ConSurf 2010: calculating evolutionary conservation in sequence and structure of proteins and nucleic acids (original) (raw)
Abstract
It is informative to detect highly conserved positions in proteins and nucleic acid sequence/structure since they are often indicative of structural and/or functional importance. ConSurf (http://consurf.tau.ac.il) and ConSeq (http://conseq.tau.ac.il) are two well-established web servers for calculating the evolutionary conservation of amino acid positions in proteins using an empirical Bayesian inference, starting from protein structure and sequence, respectively. Here, we present the new version of the ConSurf web server that combines the two independent servers, providing an easier and more intuitive step-by-step interface, while offering the user more flexibility during the process. In addition, the new version of ConSurf calculates the evolutionary rates for nucleic acid sequences. The new version is freely available at: http://consurf.tau.ac.il/.
INTRODUCTION
The degree to which an amino (or nucleic) acid position is evolutionarily conserved is strongly dependent on its structural and functional importance. Thus, conservation analysis of positions among members from the same family can often reveal the importance of each position for the protein (or nucleic acid)’s structure or function. ConSurf (1,2) and ConSeq (3) are web servers for calculating the evolutionary rate of each position of the protein and for identifying structurally and functionally important regions within proteins. The degree of conservation of each position is the inverse of the site’s evolutionary rate; rapidly evolving positions are variable while slowly evolving positions are conserved. In ConSurf, the evolutionary rate is estimated based on the evolutionary relatedness between the protein and its homologues and considering the similarity between amino acids as reflected in the substitutions matrix (4,5). One of the advantages of ConSurf in comparison to other methods is the accurate computation of the evolutionary rate by using either an empirical Bayesian method or a maximum likelihood (ML) method (5). The differences between the two methods are explained in detail in reference (4). The strength of those methods is that they explicitly account for the stochastic process underlying the evolution of the analyzed sequences, and that they rely on the phylogeny of the sequences. Thus, they can correctly discriminate between conservation due to short evolutionary time and genuine sequence conservation. In addition, the Bayesian based method provides reliability estimates for the site-specific conservation scores.
METHODS
A short description of the methodology is provided below. More detailed description is available at http://consurf.tau.ac.il/, under ‘OVERVIEW’, ‘QUICK HELP’ and ‘FAQ’.
ConSurf protocol
A flowchart of the ConSurf web server is shown in Figure 1 and detailed below.

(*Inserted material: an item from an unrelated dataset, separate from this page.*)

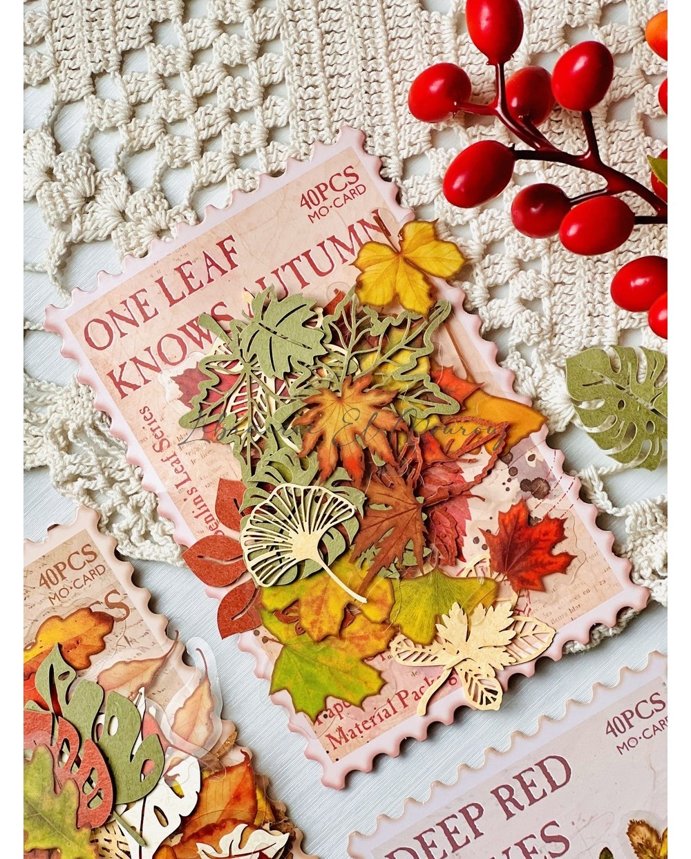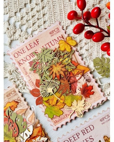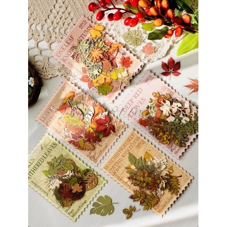 Adhesive Stickers Two Materials (Paper and PVC), Leaf Motifs, Paper Cutouts for Scrapbooking, Junk Journal, Card Making, Mixed Media, 6 Pieces, Assorted

- The sequence is extracted from the 3D structure (if given).
- Homologous sequences are collected using a BLAST (or PSI-BLAST) (6,7) search against a selected database. The user may specify criteria for defining homologues. The user can also manually select the desired sequences from the BLAST results.
- The sequences are clustered and highly similar sequences are removed using CD-HIT (8).
- A multiple sequence alignment (MSA) of the homologous sequences is constructed using MAFFT, PRANK, T-COFFEE, MUSCLE or CLUSTALW.
- A phylogenetic tree is reconstructed based on the MSA, using the neighbor-joining algorithm as implemented in the Rate4Site program (4,5).
- Position-specific conservation scores are computed using the empirical Bayesian or ML algorithms (4,5).
- The continuous conservation scores are divided into a discrete scale of nine grades for visualization, from the most variable positions (grade 1) colored turquoise, through intermediately conserved positions (grade 5) colored white, to the most conserved positions (grade 9) colored maroon.
- The conservation scores are projected onto the protein/nucleotide sequence and on the MSA.
Figure 1.
A flowchart of ConSurf protocol.
Outputs
If a protein 3D structure is provided:
- The nine-color conservation scores are projected onto the 3D structure of the query protein and the colored protein structure is shown by FirstGlance in Jmol (http://firstglance.jmol.org).
- Scripts for visualizing the protein colored with ConSurf scores are generated for PyMol (http://www.pymol.org; 9), Chimera (10), Jmol (http://www.jmol.org/; 11) and RasMol (12).
For all cases, ConSurf creates the following outputs:
- The sequence and MSA colored by ConSurf conservation scores.
- A text file that summarizes for each position the normalized score calculated, the assigned color, the reliability estimation (for the Bayesian method) and the amino acids/nucleotides observed in the respective MSA column.
- The sequences selected for the MSA and the MSA constructed (unless those files were uploaded by the user).
- A file with the frequency of each amino acid/nucleotide observed in each column of the MSA.
- The evolutionary tree, which was calculated by the server or uploaded by the user, is shown using an interactive Java applet written for that purpose.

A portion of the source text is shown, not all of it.